Saturday, March 27, 2010

Spinning Yarns

No, not story telling but actual yarn! When I was a teenager I spent thousands of hours volunteering at a living history museum and then thousands more working there. Among the many skills I learned was "spinning". I'm not sure if the adults kept us spinning yarn to avoid idle hands but it made for great demonstrations for visitors and provided the resident knitters with skeins of "homespun" or "handspun" as it's sometimes called.

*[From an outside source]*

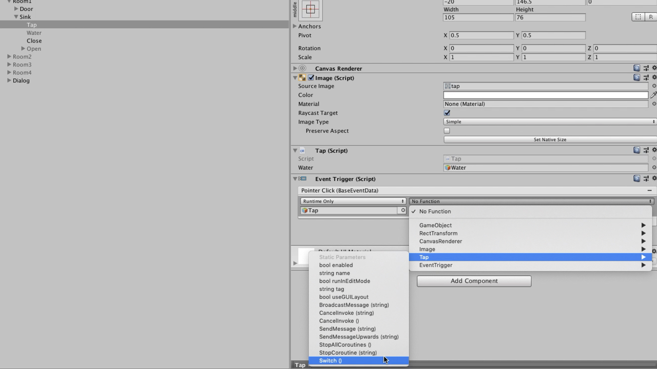 そして扉の開閉の時と同じようにクリックイベントのところにオブジェクトをセットします。ただしこの時セットするのは操作対象のオブジェクト(水オブジェクト)ではなく、スクリプトを追加したオブジェクトです。動画では蛇口オブジェクト(Tap)にスクリプトを追加しているので、Tapオブジェクトをドラッグ&ドロップします。すると関数一覧のプルダウンの中に追加したTapスクリプトが出てくるので、そこからSwitch関数を選択することができるようになります。

There were spinning wheels on site but I preffered to use something called a "drop spindle". It's basically just a stick or shaft and a whorl and may or may not have a hook on one end. The whorl is usually a round disc made of wood that serves as a weight to help spin the shaft. Think of it like a long skinny top. Some styles lack the whorl and are just a tapered shaft that is heavier on one end. It is possible to spin on just a plain stick, a pencil or even a ball point pen. You just need a rod of some kind to "spin" so you can put "twist" into the yarn. I'd bet you could even spin using just a whorl if you wanted to. There is a lot of room for improvization.

After a very long break I realized that I kind of miss spinning. I have yet to learn to knit or crochet but homespun is often attractive enough to knitters that you can trade a skein of yarn for having them knit something. I really like the idea of having a hat and scarf knit from yarn spun by my own hand. It's also something that is highly portable. You can drop a spindle and some fiber in your bag and never feel like time waiting in line or sitting in waiting rooms is wasted.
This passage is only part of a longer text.